Conventional signal enhancement algorithms operate under certain assumptions, for example knowledge of a layout of an environment surrounding an audio assembly and one or more audio sources, the layout of the environment doesn’t change over a period of time, and statistics describing certain acoustic attributes are already available to be determined. However, in most practical applications the layout of the environment is dynamic with regards to the position of audio sources and devices that receive signals from those audio sources.
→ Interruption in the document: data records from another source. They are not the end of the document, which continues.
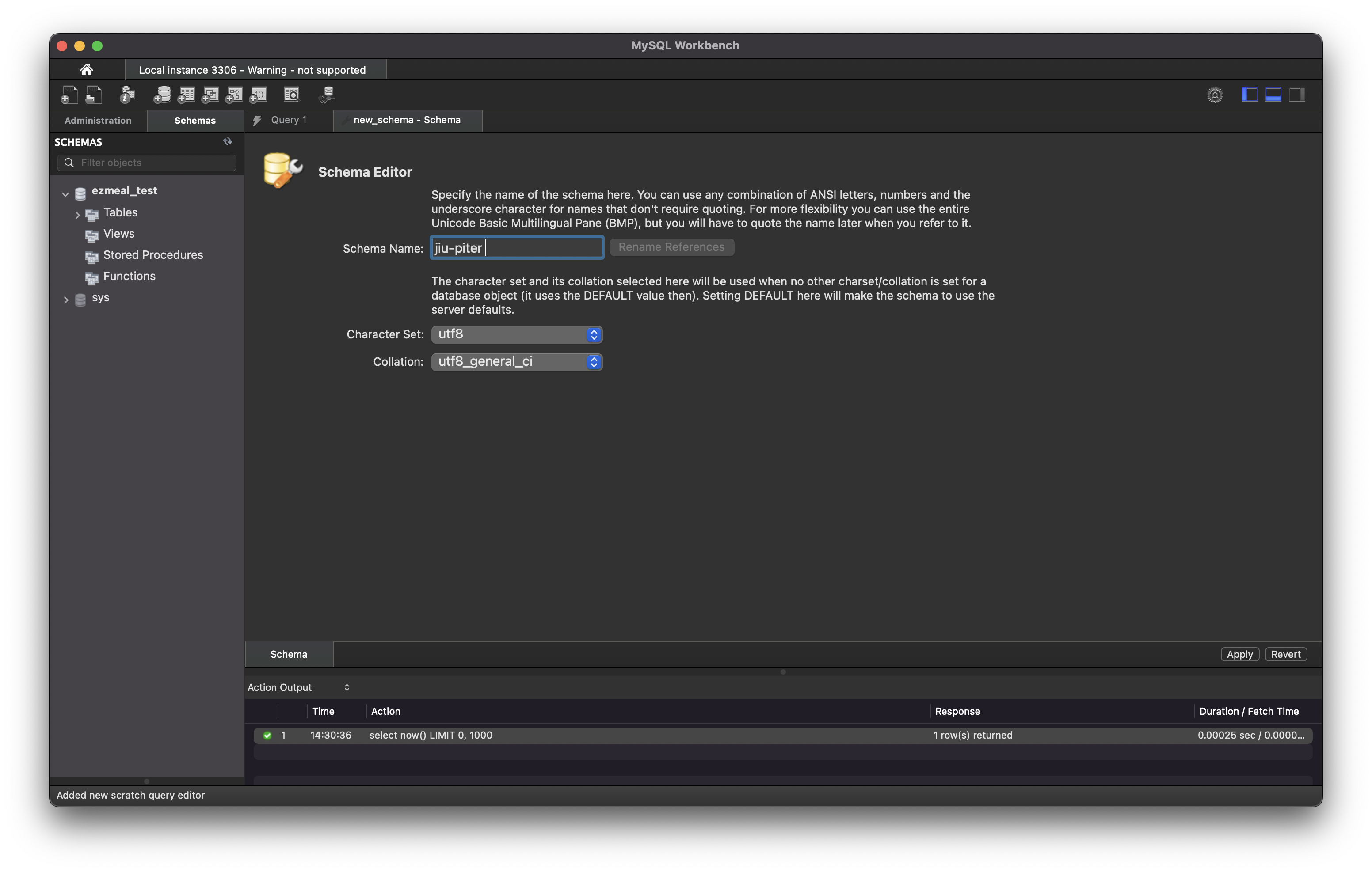 - apply 눌러야지 database==schema가 생성 됨
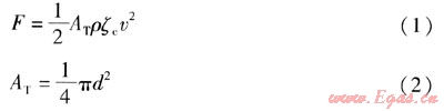在上述兩項作用力中,第一項力一般比第二項力大很多,靶式流量計主要是利用第一項力測量流體的流量。因此,在分析靶式流量計受力與流體流量之間的關(guān)系時,只考慮第一項力。根據(jù)伯努利方程,流體對靶片作用力F的計算式為:
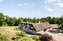 Utemiljön är skyddad och genomtänkt, med trädäck, plats för matgrupp och grill samt ett spabad. Trädgården sträcker sig i flera väderstreck och ramas in av en vacker stenmur mot ängarna. På gårdsplanen har en äldre stallbyggnad fått nytt liv som uterum, där det finns plats för folk och fest.
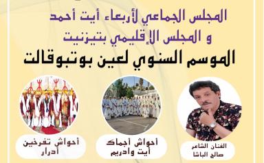 تنظم جمعية أيت مباركي للتعاون والتنمية المستدامة بشراكة مع المجلس الجماعي لأربعاء ايت أحمد والمجلس الإقليمي بتيزنيت، الموسم السنوي لعين بوتبوقالت…
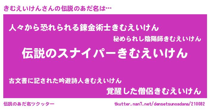 | 胡散臭い通販商品みたいなあだ名 | 『必ず成功する霊験あらたかなお札…その名も「きむえいけん」』 |
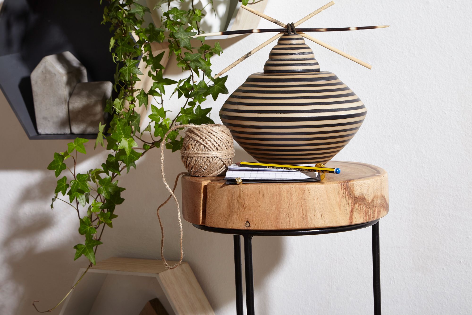 Der Beistelltisch AKOLA aus massivem Akazienholz besticht durch seine Baumstammförmige Tischplatte und das extravaganze Metallgestell, gefertigt als handwerkliches Unikat.

Additionally, given the dynamically changing nature of audio sources in most environments, noisy signals received from the audio sources often need to be enhanced by signal enhancement algorithms.
SUMMARY
An audio assembly dynamically adjusts beam forming filters for a microphone array (e.g., of an artificial reality headset). The audio assembly may include a microphone array, a speaker assembly, and a controller. The microphone array detects audio signals originating from one or more audio sources within a local area. The controller generates updated enhanced signal data for each of the one or more audio sources using signal enhancement filters. The speaker assembly performs an action, for example presenting content to the user operating the audio assembly, based in part on the updated enhanced signal data.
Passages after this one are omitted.